Okay... Advice on how to meet people with the same interests as me?

I'm not the type to just go up and say hi to someone. I'm a terrible conversationalist. The majority of the people out there, I want nothing to do with. And the majority of the people I want to meet most likely are as reclusive as me. So.. what do I do?
 
 
Current Mood: contemplativecontemplative
Current Music: Blind Guardian - Age of False Innocence
 
 
 
Vivinusvivinus on January 3rd, 2003 12:12 pm (UTC)
What I sometimes do is try ti find out what people are like just by sitting and watching everbody.. But then again, I also have no friends.

You can try things like going back to school (College is a great place to meet people). Maybe go to church or church events, Although I've personally never been to Church, I would think that's a good place to meet good people. Or try visiting the library, maybe read some of your favorite books (Or books you haven't read yet and would like to read), or look at things for inspiration in writing, and do some writing there, maybe someone will notice you and approach you, or you'll see someone reading a Dean Koontz book or something.

You can also trying making (Or having a web designer friend making) a personalized website, one of those "all about me" type of things. I know there are kinda of teen sites like that, where you can submit a picture and information about yourself and meet people that way (Even have things like that for dating, but that's usually for later aged people).

You live in Colorado, do you ski at all, or know how? You can always go skiing, or maybe ice skating (Always a chance of meeting a person that way).

Or maybe start playing the violin again and going to some music classes or something.

Just a few ideas to help, I guess.. You don't need to do anything you don't want to, just because people encourage it or you feel like you should. Just be content and happy.
Marianneresplendentposy on January 3rd, 2003 05:49 pm (UTC)
I've thought about going to the bookstore or something like that, but then I'm not sure what to do once I get there. Even if I see someone who I might want to try talking to, I have all these insecurities, and I don't think that I could take the first step and approach them. I also fear that I might be putting people off, because whenever I'm around people, I try to ignore them, never make eye contact, etc. because they make me uncomfortable. So if I don't look approachable, then I don't think people will approach me. I think that's the main problem that I have...
(Anonymous) on January 3rd, 2003 07:06 pm (UTC)
The bookstore is a good place to start. You're best bet is to try to let go of these certain insecurities and have more confidence in yourself. When good people choose friends, they don't look what's in the outside; they're first impression isn't "Oh, she's ugly so I'm not going to talk to her," etc, etc.

Asking simply questions could also leave time to spark up a conversation. Ask where to find a certain book, or just make simple comments about the book they are reading, to show interest and show them that you can relate and you have things in common.

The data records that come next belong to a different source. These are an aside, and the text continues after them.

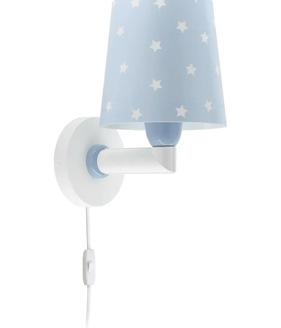 Applique murale avec étoiles Star Light bleuL’applique murale avec étoiles pour enfants de la nouvelle collection Star Light en bleu, pour le mur de la chambre des enfants, aura un beau motif d’étoiles et la lumière dont elles ont besoin. Il est installé directement sur le mur et vous pouvez l’utiliser à la fois avec une installation directe sur le réseau électrique et via le câble avec un interrupteur.L’applique avec étoiles de la collection Star Light est en polypropylène transparent et a un effet fluorescent, de sorte que les étoiles brilleront dans le noir pendant quelques minutes lorsque les plus petits éteignent les lumièresCombinez l’applique Star Light avec le reste des lampes de la collection pour obtenir un ensemble très original et coloré
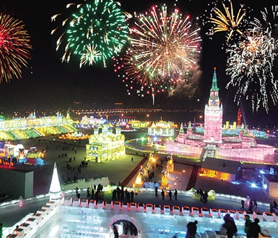 哈尔滨冰雪大世界夜景。 倪伟龄摄
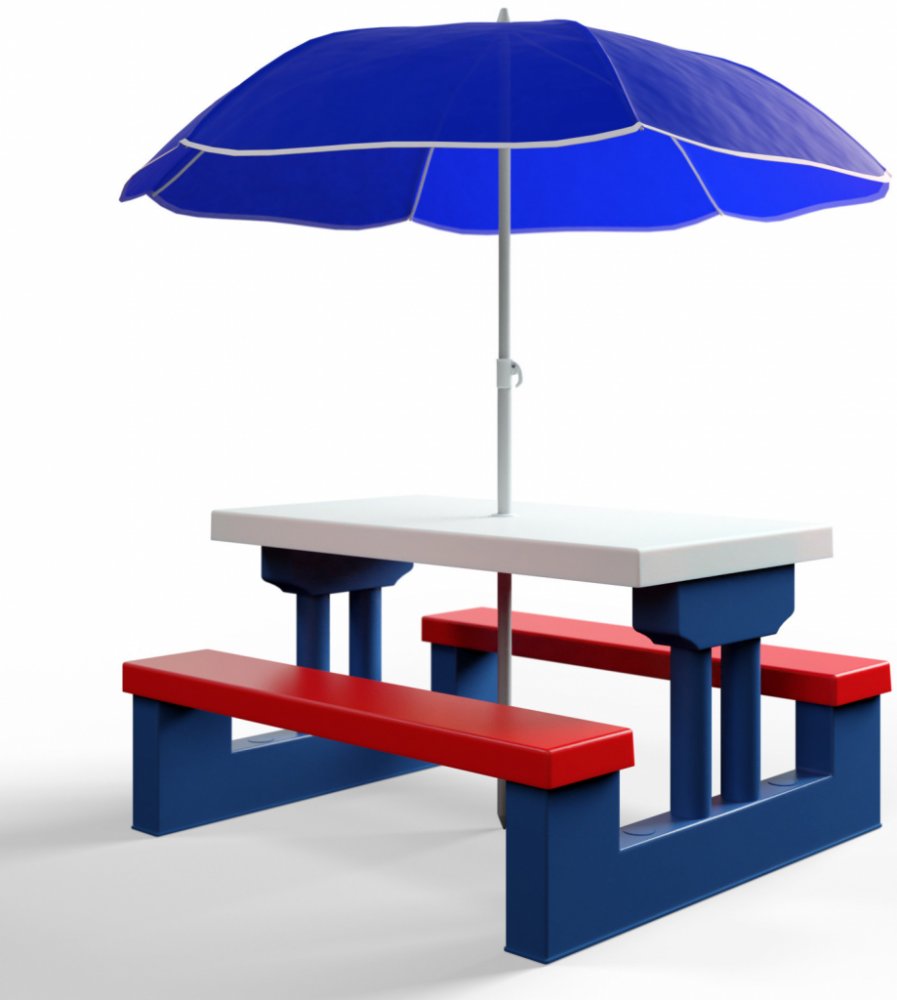 Zábavná sada dětských sedadel pro vnitřní i venkovní použití se skládá ze stolu se dvěma pevně spojenými lavicemi a velkým slunečníkem ze 100% polyesteru. Dostatečná ochrana před sluncem je tak zajištěna i při hraní na zahradě nebo na terase.
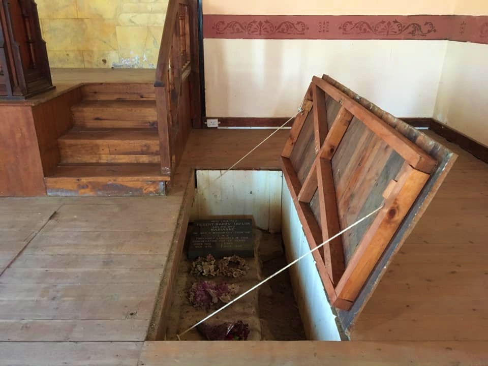 Undaunted, Robert Barry Taylor simply began raising funds again for restoration work. This time a front porch and clock tower were added. The church was enlarged during the time of Pastor J G Weis (1906–1914). In 1974, the building was seriously damaged in a flood, but the congregation leapt into action to rescue it. The congregation felt it owed a great deal to Rev RB Taylor and his wife, Marianne, so they buried them beneath the pulpit.
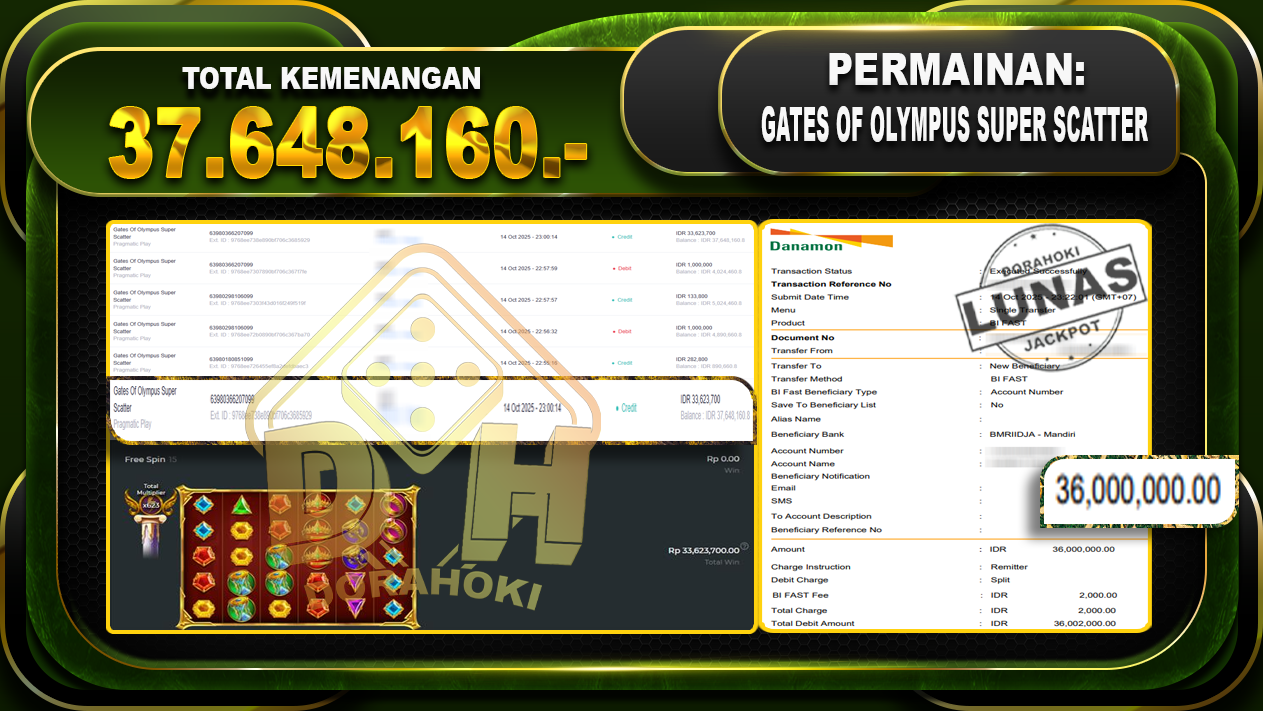 Bukti JP Gates Of Olympus Super Scatter – ucapkan selamat kepada user id ajtxxxx atas kemenangan di Gates Of Olympus Super Scatter dengan total kemenangan Rp.37.648.160,- Yang pasti nya langsung LUNAS sesuai bukti ya bosku. Dorahoki nih bosku berapapun akan tetap kami bayar lunas ya bosku

There is no reason to feel insecure when trying to find a friend. The friend won't look for certain things, and would love you for who you are .. as cliche as that may sound. If they don't, then they aren't a friend to begin with, right?
(Anonymous) on January 3rd, 2003 12:24 pm (UTC)
From what I've read so far, you have a beautiful personality. Maybe you are very cautious in revealing that to people. I believe that once you show people the type of person that you are, you will find friends that can relate and be there for you. There is no need in selling yourself as far as making websites and whatnot. You can simply observe and begin conversation with one who you feel can be true and sincere as a friend, or maybe someone you just want to know a little better.

Good luck. :)
|\|¡|<progress on January 3rd, 2003 01:42 pm (UTC)
there are people that flock to others, and there are people to whom others flock.

be the second kind. be a source of positivity, information, solace, friendship and love. you'll find what you need.
Jonathanrjakegel on January 3rd, 2003 10:11 pm (UTC)

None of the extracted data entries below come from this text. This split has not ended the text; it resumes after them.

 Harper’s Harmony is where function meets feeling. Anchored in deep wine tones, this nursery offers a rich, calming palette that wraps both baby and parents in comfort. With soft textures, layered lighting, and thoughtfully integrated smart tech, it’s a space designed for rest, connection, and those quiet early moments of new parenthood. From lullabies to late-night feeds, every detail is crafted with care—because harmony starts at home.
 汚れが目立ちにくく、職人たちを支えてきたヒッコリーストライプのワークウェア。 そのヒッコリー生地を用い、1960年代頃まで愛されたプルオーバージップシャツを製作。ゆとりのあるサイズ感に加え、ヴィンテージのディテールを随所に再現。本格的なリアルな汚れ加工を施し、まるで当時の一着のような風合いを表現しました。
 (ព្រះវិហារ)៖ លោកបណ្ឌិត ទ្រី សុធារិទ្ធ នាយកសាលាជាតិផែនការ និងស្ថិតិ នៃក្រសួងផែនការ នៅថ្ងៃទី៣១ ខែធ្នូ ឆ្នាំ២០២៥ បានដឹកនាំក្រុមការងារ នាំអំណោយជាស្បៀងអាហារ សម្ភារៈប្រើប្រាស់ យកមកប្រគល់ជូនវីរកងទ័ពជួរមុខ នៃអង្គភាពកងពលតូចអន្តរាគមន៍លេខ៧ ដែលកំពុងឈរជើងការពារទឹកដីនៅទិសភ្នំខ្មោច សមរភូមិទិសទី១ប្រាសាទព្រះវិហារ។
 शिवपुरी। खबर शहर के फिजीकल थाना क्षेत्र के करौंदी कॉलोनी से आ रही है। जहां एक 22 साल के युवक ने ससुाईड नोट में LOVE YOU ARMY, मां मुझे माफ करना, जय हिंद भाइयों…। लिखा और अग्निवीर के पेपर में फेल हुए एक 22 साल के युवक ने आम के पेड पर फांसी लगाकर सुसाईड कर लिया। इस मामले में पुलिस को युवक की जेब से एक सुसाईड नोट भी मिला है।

Dionae, you always seem so self-confident and extroverted as an online personality, and I am sure you can muster up some of the same kinds of social skills IRL no problem. The longest step is always the first. If you want to meet someone, pay attention to those who pay attention to you. Some people are so content with their current friends that they won't make an effort to say hi to you. So choose carefully. If you start to visit a public place regularly, like the library or church (though I despise it, I always see cute girls there :D), people will notice you and eventually take interest in you. It is up to you to make eye contact and put on your sweet smile to make sure that it doesn't take too long. You don't want people to notice you when "the nice old lady stops coming in here." As for the insecurities, they will go away on their own. As long as you learn to accept yourself (if you don't like something about yourself, you can either accept it or change it), any doubts you have will vanish like magic with time and experience. Also remember that you don't want to be judged before you are given a chance, so try not to judge others before you actually get to know them. And don't try to impress anyone. I always fall for a girl who only conforms to herself. Be yourself, and I know you will do great!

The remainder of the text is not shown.